I dont know much of history. But I know enough to know that, had the Egyptian repelled the attack by Napoleon and his army, this topic would not have arisen. But Napoleon succeeded in part because the Egyptians could not muster enough fire power or modern methods of warfare to counteract the rape of their sovereignty.
The adoption of science over dogma played a substatial role in the defeat of Muslims by Napoleon. This is not to say that Islam in of itself is morally, spiritually of technologically bankcrupt, rather the approach to how it is seen and adopted in everyday life, by muslims, was seroiusly flawed in the 18th century.

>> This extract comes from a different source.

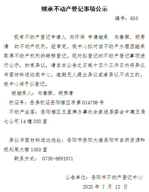 继承不动产登记公示 编号: 向怀保(655)

It is not by mistake or fluke that Islam conquered Egypt, Jerusalem, Baghdad and so-on. It is due to the uncompromising faith (iman) and resolve of Muslims in the time of Umar. Had the Muslims of 18th century Egypt not slid into a state of indifference to Islam, they would most likely not have been defeated (Keeping in mind only Allah posseses the knowlegde of advance awareness -ghaib).
I am happy that you rightly pointed out that it is 'Muslim suffering' not 'Islam suffering'. Because Islam is as fundamentally strong, now, in the 18th century and will be in the 22nd century, as it was during the time of Prophet Muhammad (SAW). That Muslims suffer is their fault for not taking the proper precautions generations before them took. The opulence of Alhambra, the scholarship of Baghdad and the military might of Ottoman Muslims, in its physical form or symbolically, can be relived.
This is only if we, Muslims, do the right thing.
And sadly, we are not. That is why Baghdad is occupied.
Allah shi taimakemu gaba daya............... amin.

Eskimo

Lack of modernization is responsible for the fall of Ottoman Empire.